*Task goal*
With the images excluded, set down every line of the listing below exactly.

*Available data*

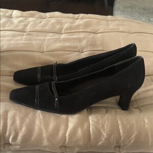 These Salvatore Ferragamo suede kitten heels feature a sleek, minimalist design in a solid black color, perfect for versatile styling. Ideal for casual or formal occasions, these 1.5” inch are super comfortable. Only worn a couple times and in perfect condition.
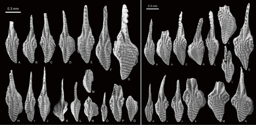 图3 纳饶剖面中莫斯科阶–卡西莫夫阶牙形类化石
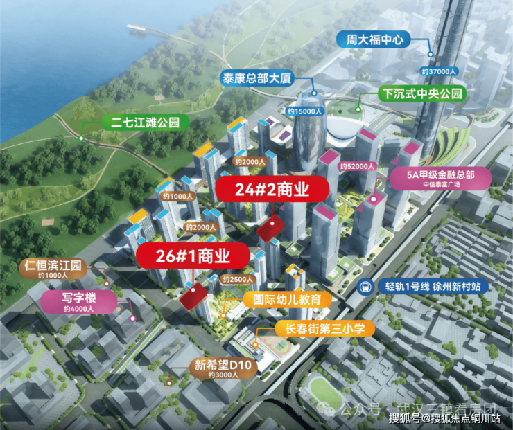 滨江商务区在售项目十余个,住宅价格5-8万元/㎡不等,起步近千万的置业门槛代表着武汉乃至华中地区最高消费力;已建在建高端写字楼约25座,整体体量约为220万方,按目前写字楼人均办公面积10㎡换算,将会有超过22万行业顶尖精英汇聚于此。
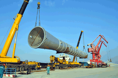 日前,中石化海南煉油核心部件順利運抵天津南港工業(yè)區(qū)通用散貨泊位,并安全吊裝至“金海洋1號”運輸船舶,順利起航。總重達490噸的抽提蒸餾塔是天津南港港區(qū)通航以來接運的最重的大件設備。圖為核心部件運抵天津南港工業(yè)區(qū)泊位。

*Task result*
 These Salvatore Ferragamo suede kitten heels feature a sleek, minimalist design in a solid black color, perfect for versatile styling. Ideal for casual or formal occasions, these 1.5” inch are super comfortable. Only worn a couple times and in perfect condition.
 图3 纳饶剖面中莫斯科阶–卡西莫夫阶牙形类化石
 滨江商务区在售项目十余个,住宅价格5-8万元/㎡不等,起步近千万的置业门槛代表着武汉乃至华中地区最高消费力;已建在建高端写字楼约25座,整体体量约为220万方,按目前写字楼人均办公面积10㎡换算,将会有超过22万行业顶尖精英汇聚于此。
 日前,中石化海南煉油核心部件順利運抵天津南港工業(yè)區(qū)通用散貨泊位,并安全吊裝至“金海洋1號”運輸船舶,順利起航。總重達490噸的抽提蒸餾塔是天津南港港區(qū)通航以來接運的最重的大件設備。圖為核心部件運抵天津南港工業(yè)區(qū)泊位。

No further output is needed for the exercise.